陳遠舟來到所長辦公室門口,門虛掩著。他敲了兩下。
“進來。”
他推門進去,看到王國棟正坐在辦公桌前,手裡端著茶杯,一口一口地抿著。
辦公室裡茶香很濃,但王國棟臉上的表情一點都不輕鬆——眉頭皺著,嘴角往下耷拉,整個人靠在椅背上,像是剛卸下一副重擔,又被另一副壓上了。
剛才在會上宣佈訊息的時候,他還繃得住。現在只剩自己一個人了,那股疲憊勁兒就全冒出來了。
看到進來的是陳遠舟,王國棟愣了一下,隨即苦笑了一下,放下茶杯:“遠舟啊,我還以為是後勤老李來送檔案呢。怎麼,你是來勸我的,還是有什麼事要說?”
他頓了頓,又嘆了口氣:“你要是為了908的事來的,那我先跟你說句實話——這事兒我也是無能為力。上面已經做了決定,板上釘釘,改不了了。我也難受,但沒辦法,咱們都得接受。”

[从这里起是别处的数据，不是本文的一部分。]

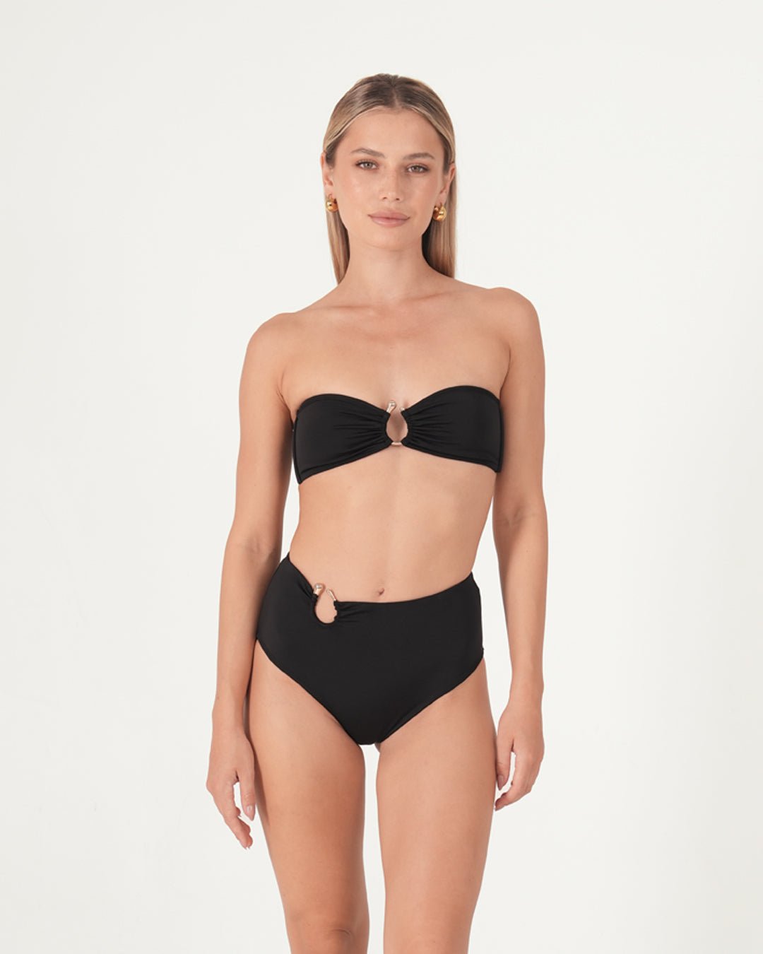 - Strapless bandeau bikini top with luxe gold hardware detail at the centre front

他端起茶杯喝了一口,接著說:“不過話說回來,這事兒也不是完全沒有好處。等日電的生產線引進來,咱們可以藉著配合安裝。除錯的機會,私底下多學多看。
人家的技術確實比咱們先進,咱先把東西學到手,把流程摸透了,到時候自己能搞出點成果來,再向上面申請恢復自研,也不是沒有可能。”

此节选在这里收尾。